Raw data
####

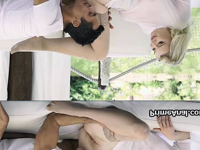 Slutty teen bitch Lena Paul rides a big cock in the backyard
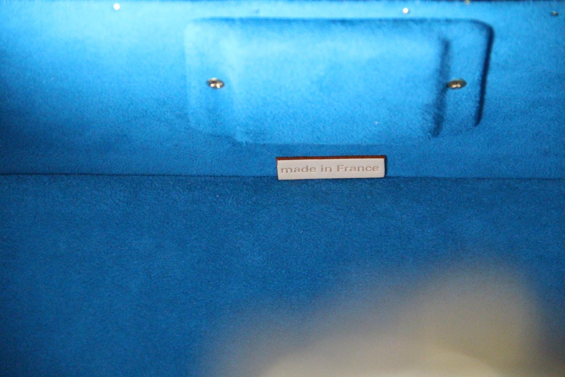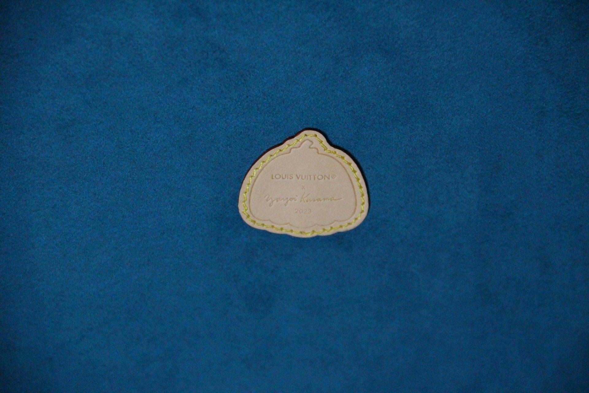 Quant à l’intérieur, il est tapissé d’une microfibre bleu vif, propre et parfaitement conservée, offrant de nombreux rangements et une grande polyvalence. Il a également conservé son label en cuir embossé en forme de citrouille, écrit Louis Vuitton Yayoi Kusuma 2023 ainsi que son numéro de série.
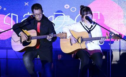 第一轮抽奖活动则再一次调动同学们的激情,丰厚的奖品更让获奖同学欢呼雀跃。抽奖结束后,几位来自不同专业的17级年级长身着正装霸气出场,在一段感人、真诚的交心之语后带来舞蹈《come on baby》。从霸气到搞笑的瞬间切换让同学们在笑声和舞蹈中对辛勤付出的他们更为敬佩和喜爱。随后,小品《考试》趣味横生,几位“考生”各出奇招,或是偷偷翻书,或是写在手臂上,更有场外“亲戚”救援,精彩生动的演出给大家带来了不少的欢乐,“老师”的东北口音更是节目的点睛之笔。小品结束后,四位同学身着盛装,共同演唱、演奏了西班牙舞曲《despacito》。带有异域风情的嗓音加以尤克里里、小提琴的伴奏让同学们享受了一场浩大的音乐盛宴。

####

What the task asks
Your answer should be every line above, written out exactly, with no pictures.

Finished exercise
 Slutty teen bitch Lena Paul rides a big cock in the backyard
 Quant à l’intérieur, il est tapissé d’une microfibre bleu vif, propre et parfaitement conservée, offrant de nombreux rangements et une grande polyvalence. Il a également conservé son label en cuir embossé en forme de citrouille, écrit Louis Vuitton Yayoi Kusuma 2023 ainsi que son numéro de série.
 第一轮抽奖活动则再一次调动同学们的激情,丰厚的奖品更让获奖同学欢呼雀跃。抽奖结束后,几位来自不同专业的17级年级长身着正装霸气出场,在一段感人、真诚的交心之语后带来舞蹈《come on baby》。从霸气到搞笑的瞬间切换让同学们在笑声和舞蹈中对辛勤付出的他们更为敬佩和喜爱。随后,小品《考试》趣味横生,几位“考生”各出奇招,或是偷偷翻书,或是写在手臂上,更有场外“亲戚”救援,精彩生动的演出给大家带来了不少的欢乐,“老师”的东北口音更是节目的点睛之笔。小品结束后,四位同学身着盛装,共同演唱、演奏了西班牙舞曲《despacito》。带有异域风情的嗓音加以尤克里里、小提琴的伴奏让同学们享受了一场浩大的音乐盛宴。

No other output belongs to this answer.